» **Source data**

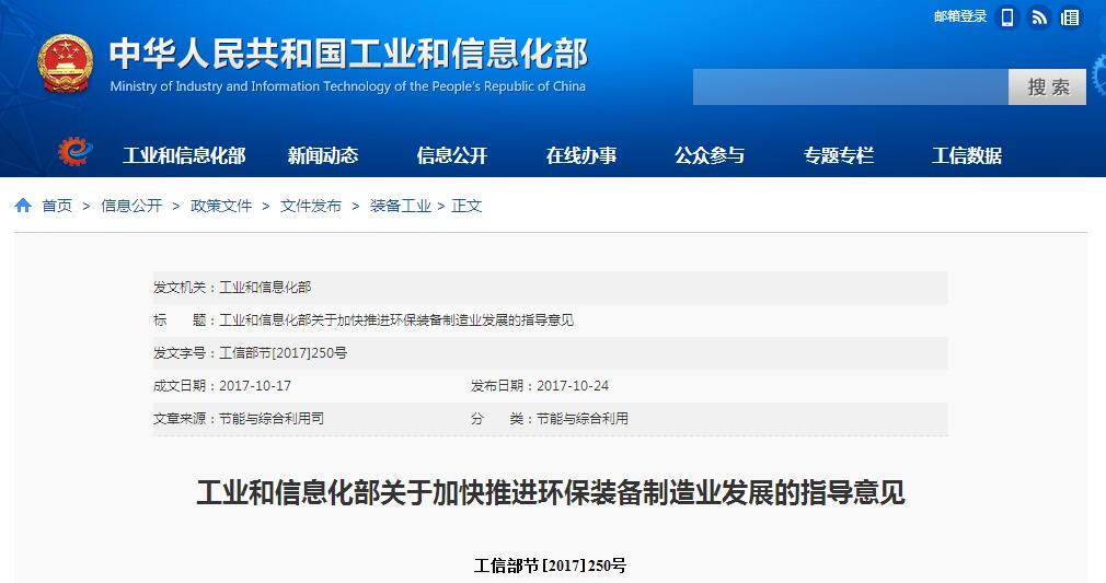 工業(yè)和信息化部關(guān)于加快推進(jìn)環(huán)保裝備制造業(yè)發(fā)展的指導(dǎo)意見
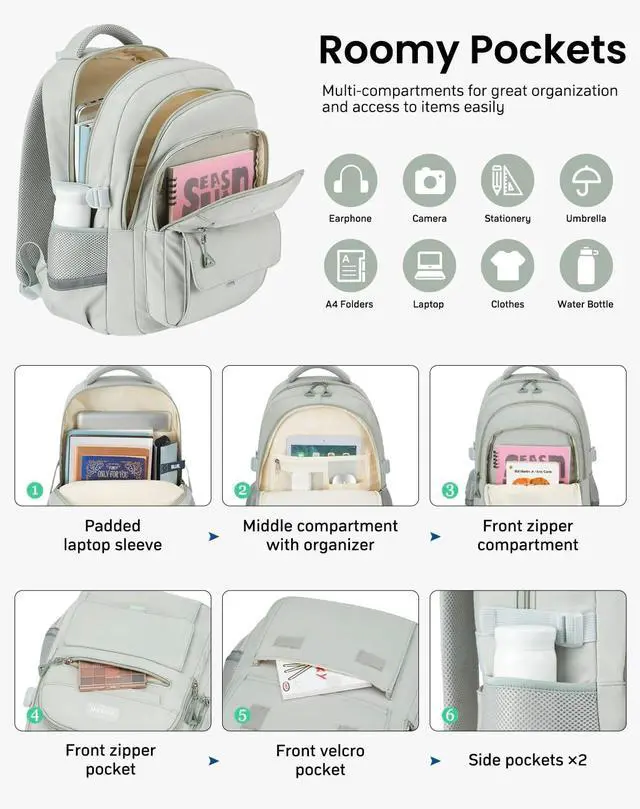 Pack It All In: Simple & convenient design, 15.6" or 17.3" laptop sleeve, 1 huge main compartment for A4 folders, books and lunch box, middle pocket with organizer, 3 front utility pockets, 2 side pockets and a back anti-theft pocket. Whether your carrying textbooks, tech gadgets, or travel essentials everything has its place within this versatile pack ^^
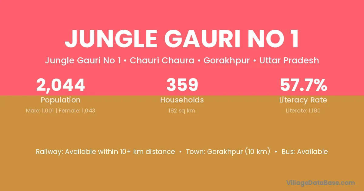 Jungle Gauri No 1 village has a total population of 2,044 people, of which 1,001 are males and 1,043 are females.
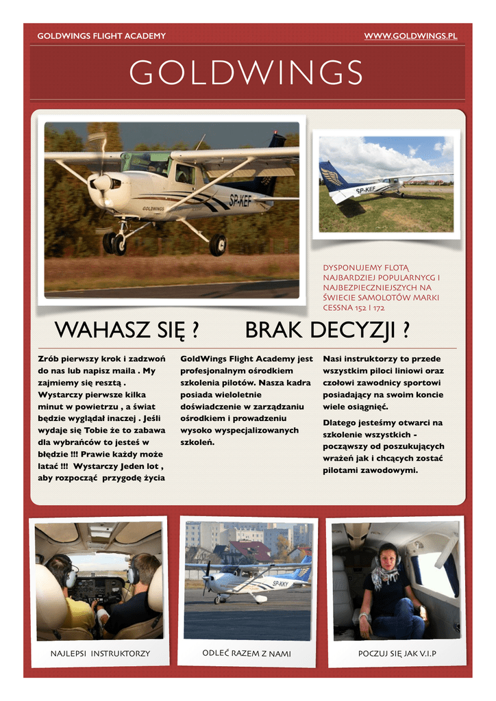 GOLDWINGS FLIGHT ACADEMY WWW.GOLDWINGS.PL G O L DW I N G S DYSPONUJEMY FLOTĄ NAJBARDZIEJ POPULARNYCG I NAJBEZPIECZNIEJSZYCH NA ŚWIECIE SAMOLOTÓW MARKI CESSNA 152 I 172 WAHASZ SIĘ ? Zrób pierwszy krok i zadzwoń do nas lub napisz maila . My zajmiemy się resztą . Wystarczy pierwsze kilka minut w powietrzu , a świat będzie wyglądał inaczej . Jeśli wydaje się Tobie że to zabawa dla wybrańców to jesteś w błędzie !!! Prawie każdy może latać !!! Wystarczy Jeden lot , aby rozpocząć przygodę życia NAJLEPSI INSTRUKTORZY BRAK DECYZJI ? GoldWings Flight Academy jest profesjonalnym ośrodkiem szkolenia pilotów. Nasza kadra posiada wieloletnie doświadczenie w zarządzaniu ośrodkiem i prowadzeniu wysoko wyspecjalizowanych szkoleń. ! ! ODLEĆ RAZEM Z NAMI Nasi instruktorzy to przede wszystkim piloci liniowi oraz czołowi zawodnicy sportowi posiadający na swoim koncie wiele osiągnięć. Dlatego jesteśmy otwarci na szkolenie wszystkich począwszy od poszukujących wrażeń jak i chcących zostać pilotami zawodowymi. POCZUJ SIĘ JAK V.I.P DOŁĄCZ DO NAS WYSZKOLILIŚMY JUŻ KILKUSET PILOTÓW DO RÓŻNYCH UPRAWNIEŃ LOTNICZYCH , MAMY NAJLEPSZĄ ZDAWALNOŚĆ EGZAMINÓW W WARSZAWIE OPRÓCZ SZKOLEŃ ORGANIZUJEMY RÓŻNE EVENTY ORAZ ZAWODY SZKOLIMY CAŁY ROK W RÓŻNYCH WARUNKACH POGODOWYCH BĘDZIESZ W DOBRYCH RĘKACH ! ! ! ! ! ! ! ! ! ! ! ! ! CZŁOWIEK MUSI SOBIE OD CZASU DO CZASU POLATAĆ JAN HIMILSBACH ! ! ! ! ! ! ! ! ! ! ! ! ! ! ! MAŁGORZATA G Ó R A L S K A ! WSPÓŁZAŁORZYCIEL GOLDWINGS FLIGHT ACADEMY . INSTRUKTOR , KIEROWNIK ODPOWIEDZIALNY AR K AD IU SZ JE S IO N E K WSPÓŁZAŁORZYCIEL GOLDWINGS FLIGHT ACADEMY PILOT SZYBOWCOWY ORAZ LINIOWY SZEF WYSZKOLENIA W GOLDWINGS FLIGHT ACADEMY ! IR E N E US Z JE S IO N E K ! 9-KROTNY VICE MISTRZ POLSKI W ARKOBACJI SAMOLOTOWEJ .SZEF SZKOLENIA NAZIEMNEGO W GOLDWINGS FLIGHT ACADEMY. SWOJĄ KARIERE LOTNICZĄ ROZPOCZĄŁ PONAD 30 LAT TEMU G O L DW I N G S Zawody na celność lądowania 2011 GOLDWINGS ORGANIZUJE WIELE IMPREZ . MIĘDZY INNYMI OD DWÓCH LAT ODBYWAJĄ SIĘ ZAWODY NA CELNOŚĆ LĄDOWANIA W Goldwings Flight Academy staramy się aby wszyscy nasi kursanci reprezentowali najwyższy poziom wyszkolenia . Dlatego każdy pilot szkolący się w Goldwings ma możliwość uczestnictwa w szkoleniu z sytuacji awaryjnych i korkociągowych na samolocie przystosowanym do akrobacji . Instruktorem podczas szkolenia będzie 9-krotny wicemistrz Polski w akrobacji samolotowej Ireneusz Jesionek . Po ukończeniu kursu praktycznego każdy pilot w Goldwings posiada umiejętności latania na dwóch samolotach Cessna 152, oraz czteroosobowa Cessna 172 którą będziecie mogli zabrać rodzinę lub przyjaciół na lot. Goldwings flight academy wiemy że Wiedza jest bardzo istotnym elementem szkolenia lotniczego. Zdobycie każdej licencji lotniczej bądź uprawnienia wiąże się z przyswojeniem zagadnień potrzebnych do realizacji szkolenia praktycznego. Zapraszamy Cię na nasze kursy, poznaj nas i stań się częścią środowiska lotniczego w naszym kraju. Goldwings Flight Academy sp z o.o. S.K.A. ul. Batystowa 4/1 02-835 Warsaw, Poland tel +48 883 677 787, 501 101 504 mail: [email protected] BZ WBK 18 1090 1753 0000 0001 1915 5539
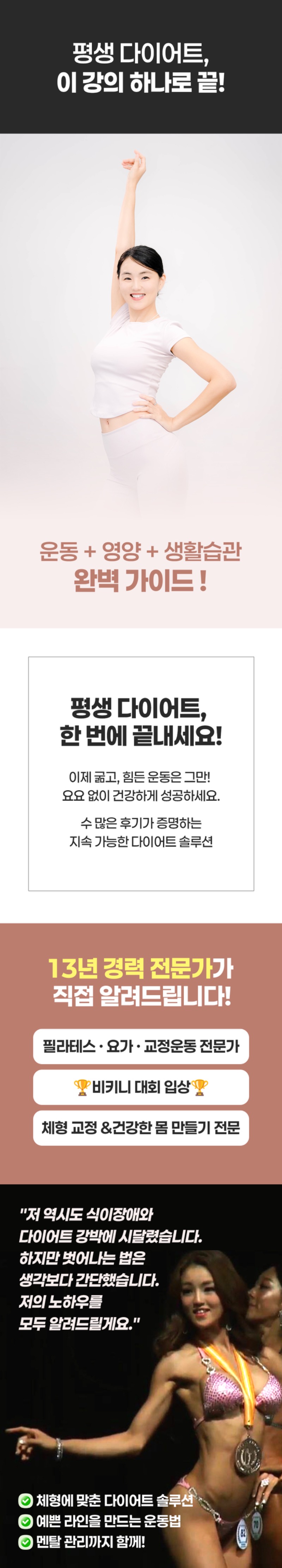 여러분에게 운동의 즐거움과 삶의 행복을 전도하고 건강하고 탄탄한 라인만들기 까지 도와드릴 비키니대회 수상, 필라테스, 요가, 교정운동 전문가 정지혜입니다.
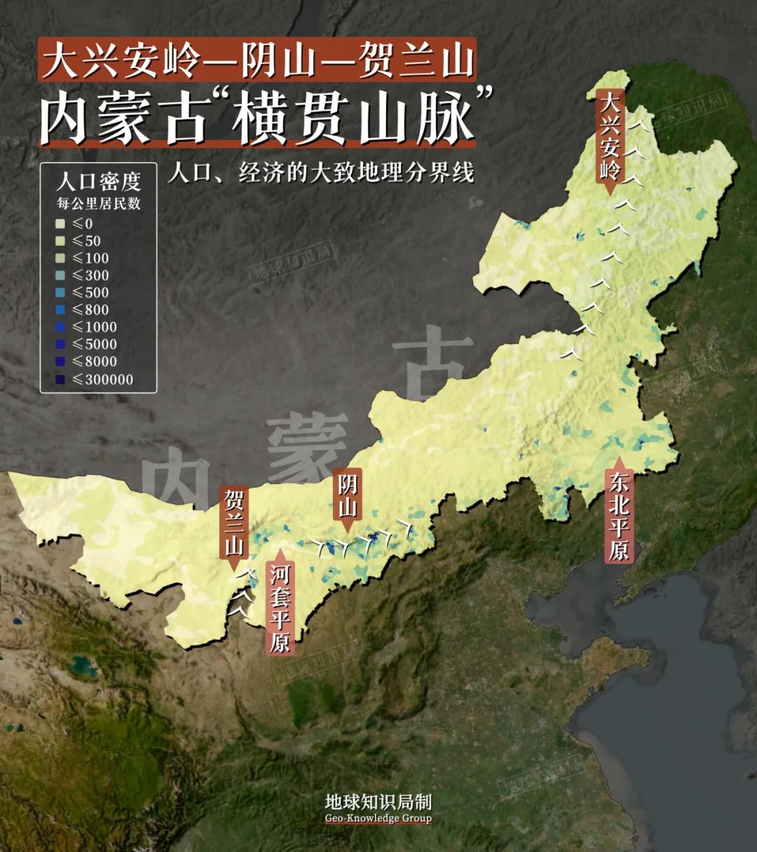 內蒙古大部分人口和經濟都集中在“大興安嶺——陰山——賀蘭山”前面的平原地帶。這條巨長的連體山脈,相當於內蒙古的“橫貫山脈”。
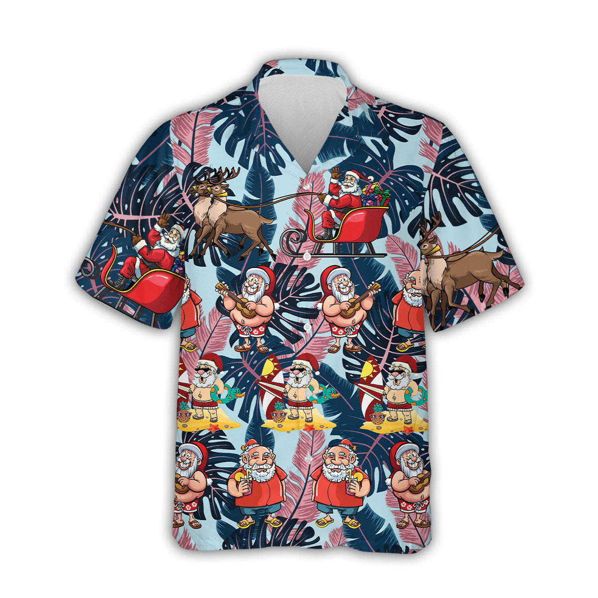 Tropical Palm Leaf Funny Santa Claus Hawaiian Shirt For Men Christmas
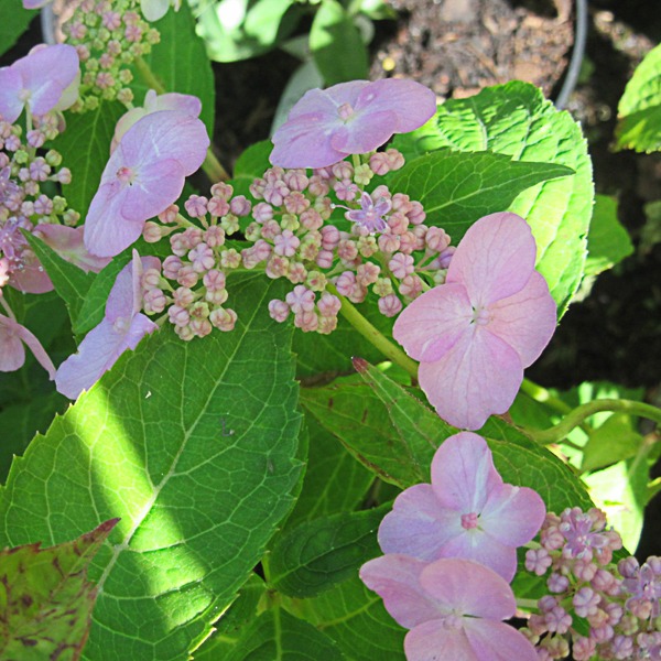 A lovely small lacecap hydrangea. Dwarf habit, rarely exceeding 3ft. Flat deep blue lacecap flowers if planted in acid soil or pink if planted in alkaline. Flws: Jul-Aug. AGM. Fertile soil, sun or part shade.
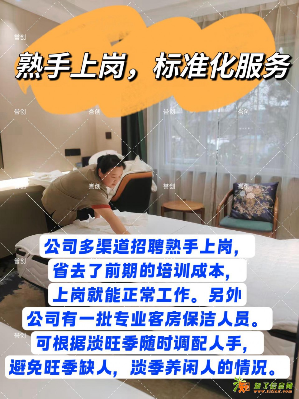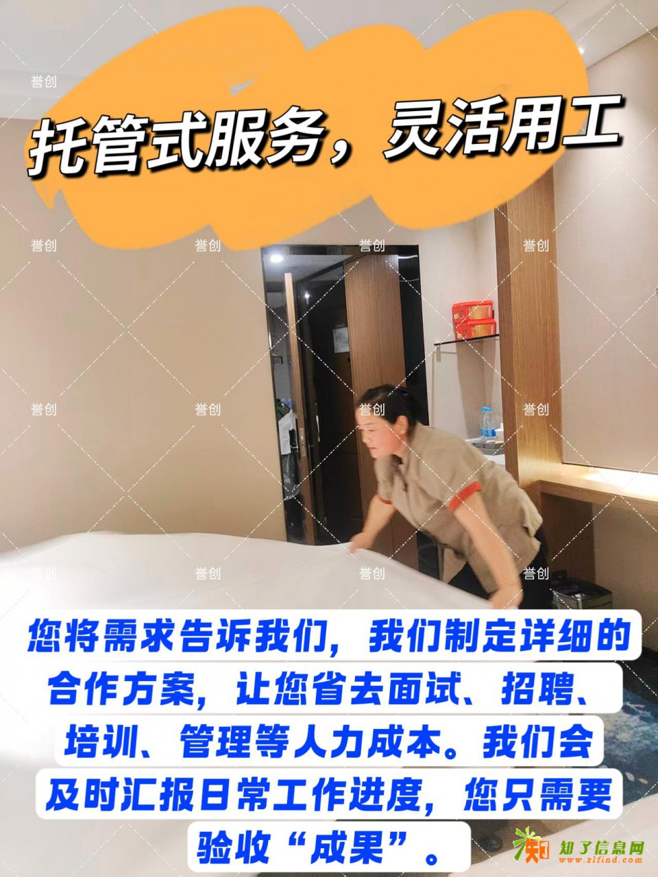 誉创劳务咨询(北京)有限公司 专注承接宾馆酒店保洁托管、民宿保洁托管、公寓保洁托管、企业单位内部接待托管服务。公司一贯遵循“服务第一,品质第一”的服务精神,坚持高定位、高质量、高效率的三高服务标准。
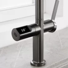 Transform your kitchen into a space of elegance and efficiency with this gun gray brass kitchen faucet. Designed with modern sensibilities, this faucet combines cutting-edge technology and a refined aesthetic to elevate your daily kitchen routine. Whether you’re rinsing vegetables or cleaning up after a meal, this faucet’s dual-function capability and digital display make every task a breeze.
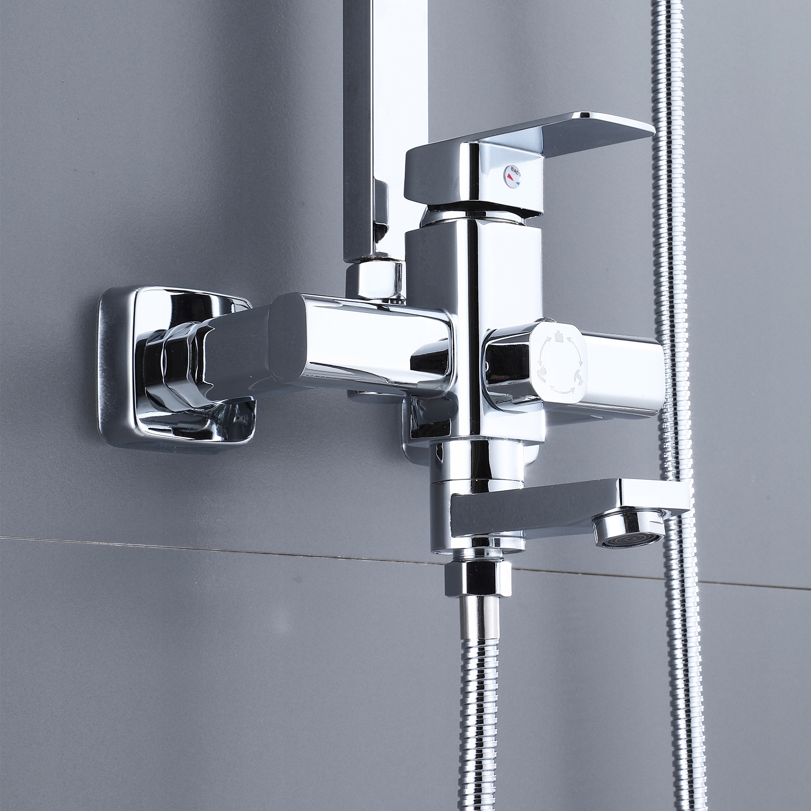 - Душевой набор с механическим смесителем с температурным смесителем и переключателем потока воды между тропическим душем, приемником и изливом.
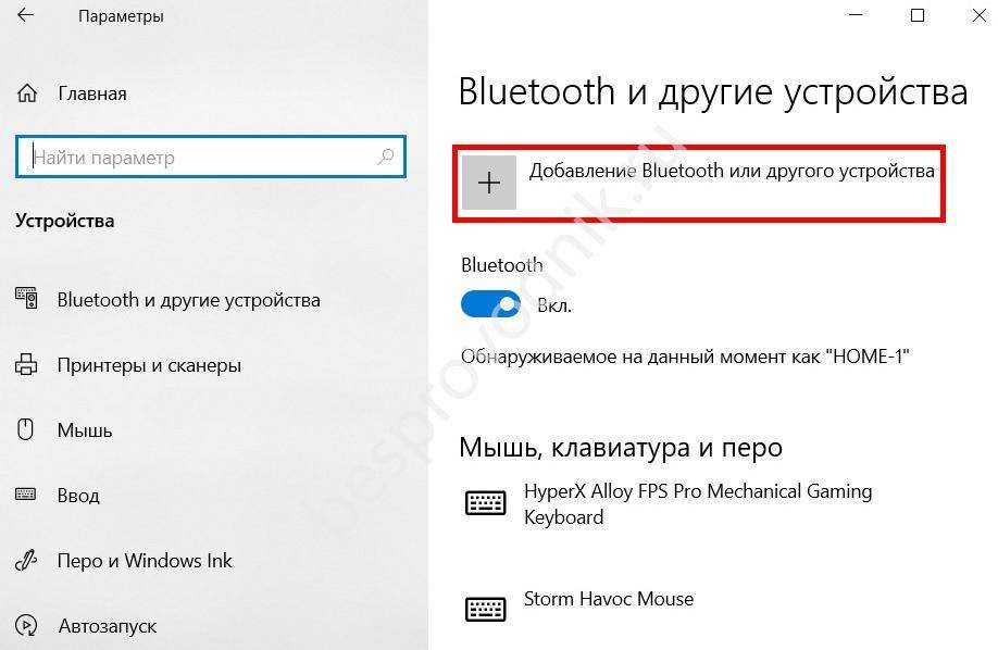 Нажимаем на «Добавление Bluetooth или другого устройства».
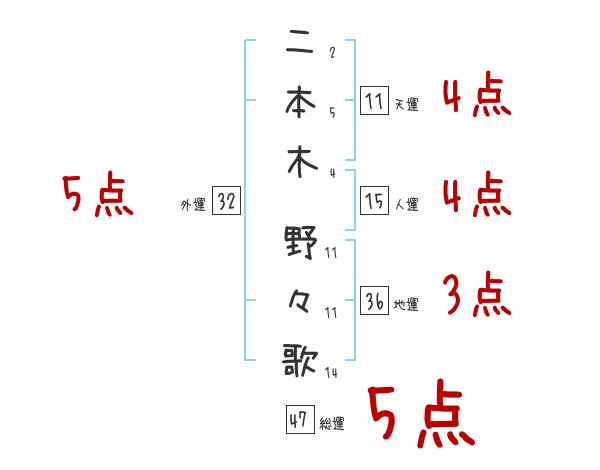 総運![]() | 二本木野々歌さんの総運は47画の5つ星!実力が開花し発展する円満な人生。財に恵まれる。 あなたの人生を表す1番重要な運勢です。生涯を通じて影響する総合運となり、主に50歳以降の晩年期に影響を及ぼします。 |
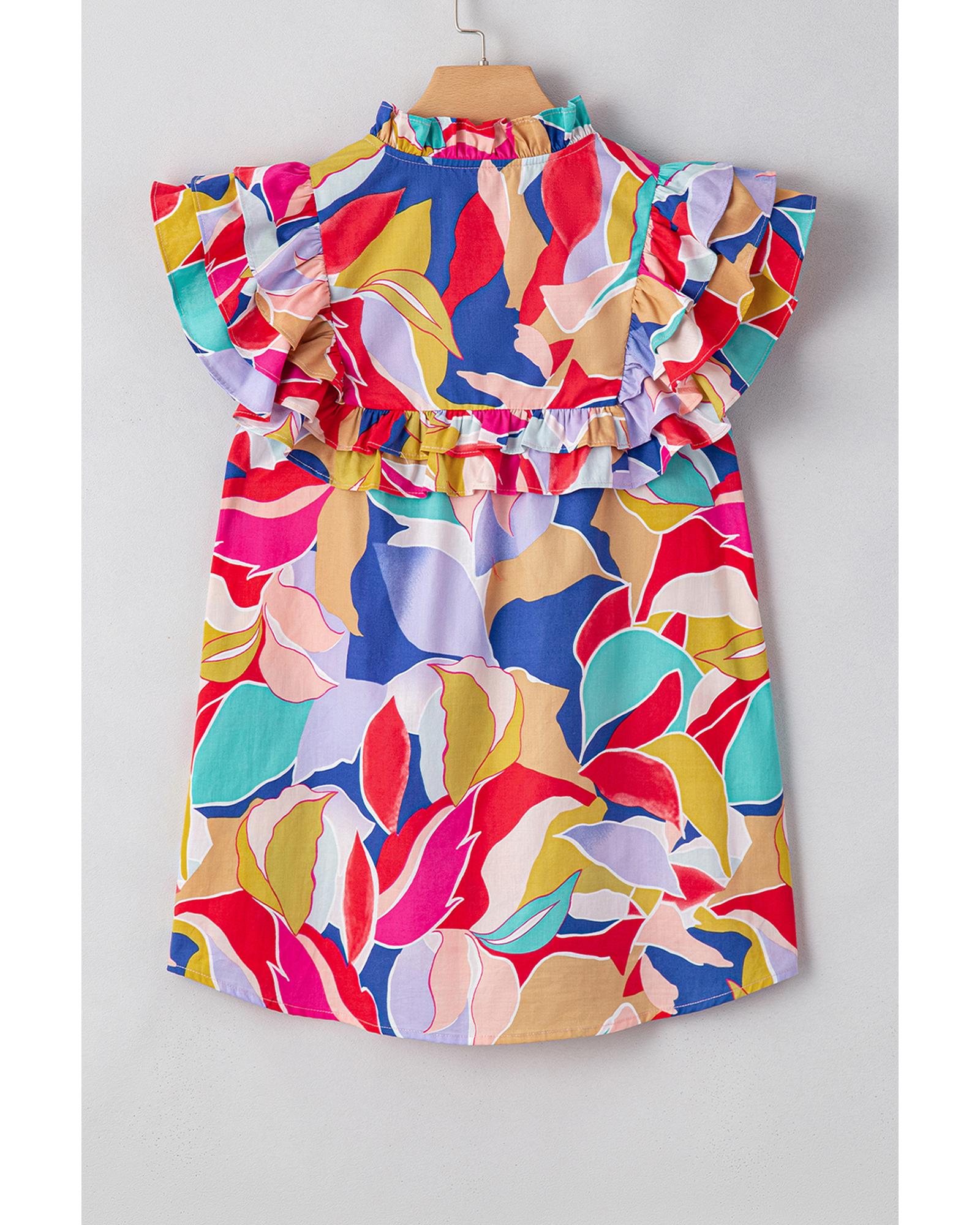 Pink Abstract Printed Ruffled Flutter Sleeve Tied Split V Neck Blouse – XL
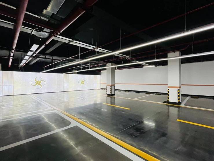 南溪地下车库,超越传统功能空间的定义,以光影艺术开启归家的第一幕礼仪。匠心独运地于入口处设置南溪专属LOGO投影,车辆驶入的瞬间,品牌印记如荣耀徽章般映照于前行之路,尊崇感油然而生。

» **WHAT NEEDS TO BE DONE**
Nothing but the lines above from the line with "- Душевой набор" up to and including the line with "Bluetooth или другого" should be returned, exactly as written and without pictures.

» **YOUR SOLUTION**
 - Душевой набор с механическим смесителем с температурным смесителем и переключателем потока воды между тропическим душем, приемником и изливом.
 Нажимаем на «Добавление Bluetooth или другого устройства».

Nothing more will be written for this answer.